Juicy ripe fruit, bursting with sun-soaked flavor is one of the best parts of a summer season. It’s the time of year for warm peach pies topped with ice cream, jammy berry cobblers, and endless variations of fruit-forward desserts.
But summer fruit is equally at home on the rest of the menu, taking gazpacho, pizza, salads, and salsas to the next level. In-season fruits play well with others, bringing a sweet taste of summer to the entire menu.
When Life Gives You Lemons…
You could make lemonade of course, but I’d recommend throwing them on the grill. Charred citrus is having a moment right now, showing up in everything from cocktails, to grilled fish dishes, to even ice cream. By grilling or searing the cut side of a lemon, grapefruit, or orange, the sugars caramelize, adding sweetness and a slight bitterness to balance the acidity.
Imagine the charred flavor of grilled grapefruit playing off smoky mezcal in a tangy paloma. Or consider squeezing a caramelized lime over a Thai-inspired grilled whole fish with ginger and cilantro. The nuance this simple step brings to your dishes will make an impression at the table or up at the bar.
As Sweet as Pie
Charring citrus is on trend, but pretty much all summer fruits, barring melons, can be enhanced by cooking. By grilling, roasting, or simmering fruit, you can intensify the flavors even further for a deeply flavorful way to enjoy the bounty of the season.

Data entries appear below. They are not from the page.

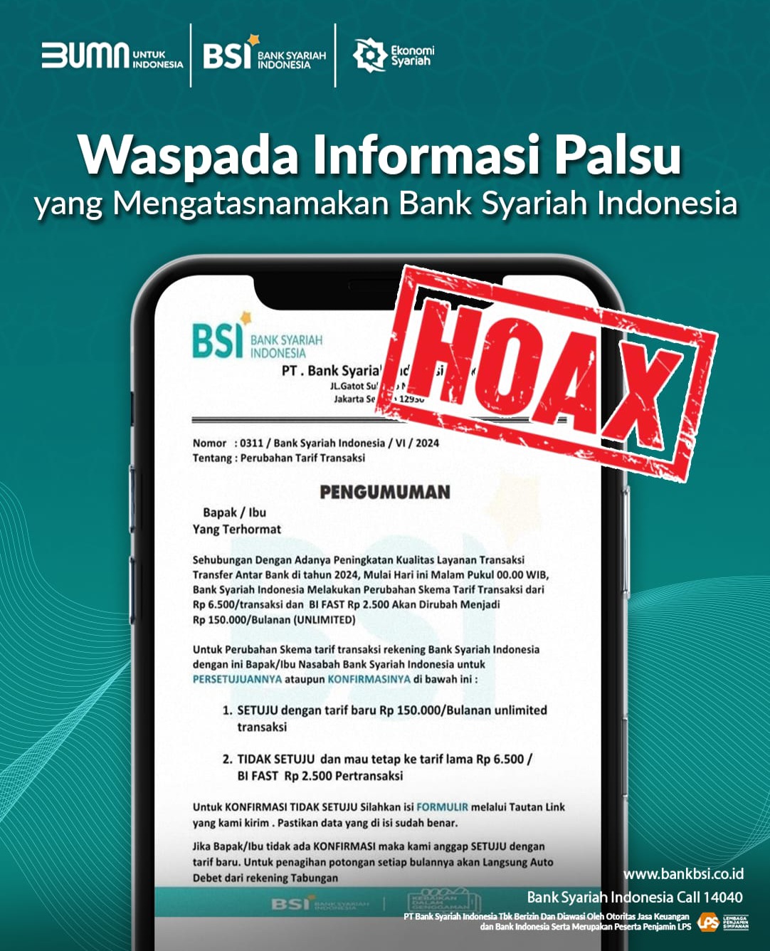 Wisnu menekankan bahwa saat ini tengah marak penipuan hoax tentang informasi Gebyar BSI, perubahan tarif layanan dan juga link-link Whatsapp penipuan dengan APK maupun nomor yang mengatasnamakan BSI.
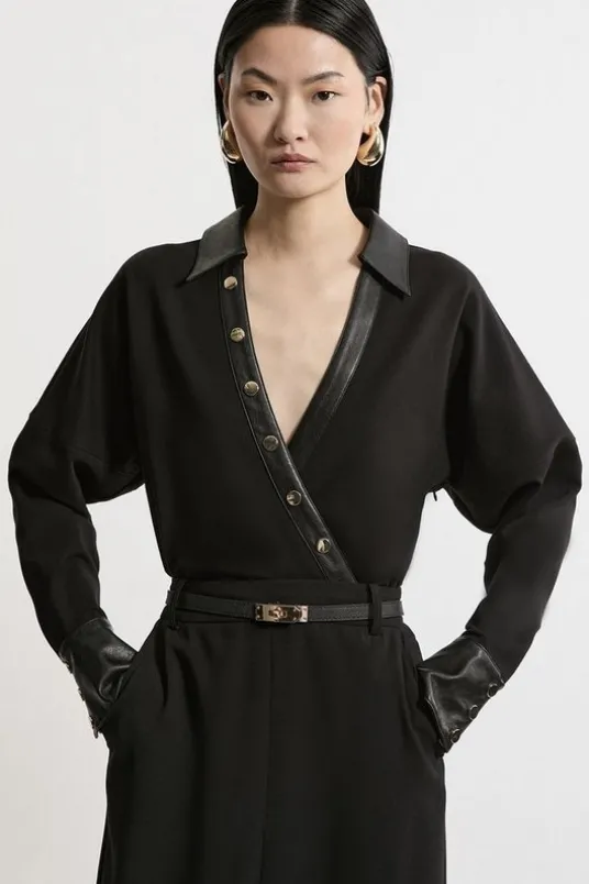Get day to night ready in our bodysuit, made in soft jersey fabric, with a relaxed silhouette, and contrasting faux leather detailing. Style it simply with tailored trousers and ankle boots or heels for a look that will take you from office days to evenings out.Collared V Neck Faux Leather And Ponte BodysuitHigh Quality Ponte FabricFlattering Relaxed FitShirt Style Bodice with Button DetailingDeep V NecklineFormal Collar AccentContrasting Faux Leather Collar and CuffsDetails & Care68% Viscose 27% Polyester 3% Elastane. Trim: 60% Polyurethane 40% Cotton. Gentle machine wash at 30 with similar colours. Model Height 5”10 – Model wears a S.
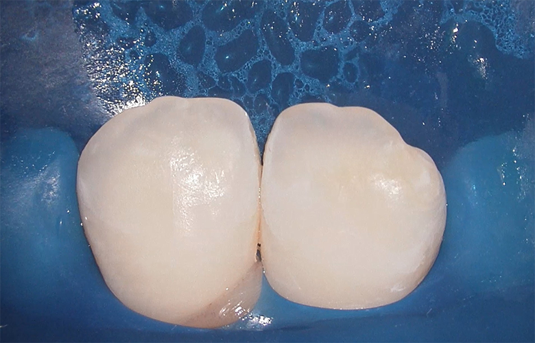 ホワイトスポットは大きく改善し、歯の表面の色調が均一になりました。自然な仕上がりとなり、患者様にもご満足いただいています。現在は定期メンテナンスで経過を確認しています。
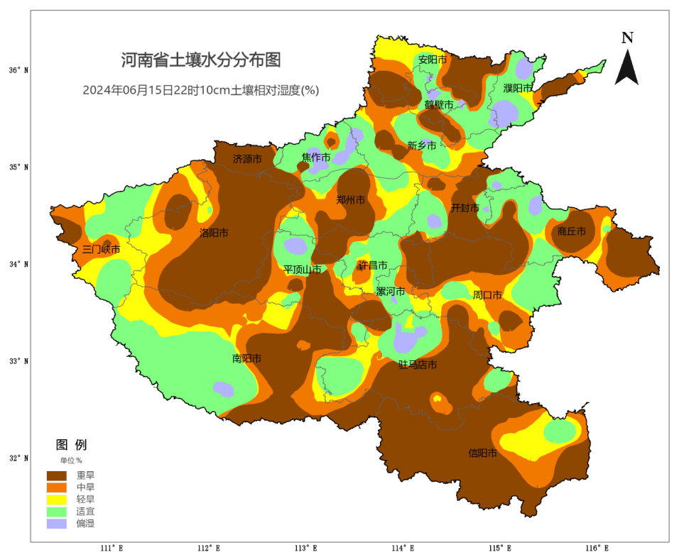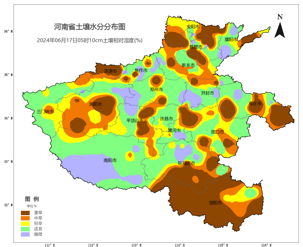 本轮降水后河南黄淮之间大部地区的土壤表层缺墒状况得到明显改善。据6月17日5时自动土壤水分监测资料显示,郑州、南阳、开封等地局部地块的土壤底墒明显增加,与15日22时相比,干旱测站比例下降15个百分点,其中重旱测站比例下降14个百分点。郑州、南阳、漯河、开封、三门峡、许昌、周口、洛阳、平顶山、商丘、驻马店等11个地市土壤墒情得到明显改善。但由于降水分布不均,河南仍有49%的测站缺墒,主要分布在三门峡西部、洛阳西部、商丘东部、驻马店南部、信阳和安阳等地。建议各地抓住有利时机,尽快组织抢墒抢种。

Of course, stone fruits like peaches, plums, and cherries are perfect for baking into pies, cobblers, and tarts — their natural sweetness intensifying as they cook.
Berries, such as blueberries, strawberries, and raspberries, can be simmered into rich sauces and jams, adding a burst of flavor to pancakes, yogurt, or ice cream. Grilling fruits like pineapples and mangos caramelizes their sugars, creating a delicious accompaniment to savory dishes like grilled meats or salads. Cooking with summer fruits, from the Peak Fresh Produce® portfolio for example, not only celebrates the peak of their seasonality but also transforms their textures and flavors in unique and delectable ways.
Peaches and Cream
As the never-ending popularity of cheese platters shows us, fruit plus cheese is a winning combination. The tart sweetness of fruit cuts through the rich creaminess of your favorite cheese for the perfect balanced bite.
This combination can always be celebrated in salads but also works well in panini, pizzas, and bruschetta. I love fruit and cheese paired with salty meats like prosciutto and bacon, tossed with bright vinaigrettes, and combined with an abundance of fresh herbs. Here are some pairing concepts inspired by recipes and restaurants I’ve collaborated with.
- Peaches + Burrata: Alternate torn burrata with peaches tossed in Village Garden® Sweet Poppyseed Dressing, then sprinkle with fresh basil for a seasonal twist on the classic Caprese.
- Watermelon + Feta: Grilled sliced watermelon is topped with crumbled feta, mint, and toasted pistachios for a salty/sweet salad guests can’t resist.
- Figs + Parmigiano Reggiano: Top pizza with freshly sliced figs, prosciutto, and shaved Piancone® Parmigiano Reggiano to cook, then add fresh arugula dressed with Village Garden Honey Basil Garlic Vinaigrette.
- Strawberry + Goat Cheese: Spread goat cheese on toasted baguette slices, then top with diced strawberries, minced shallots, and fresh parsley to make a summery bruschetta.
- Cherries + Blue Cheese: Remove the pits from fresh bing cherries, then stuff with whipped blue cheese for a sweet & savory cocktail garnish.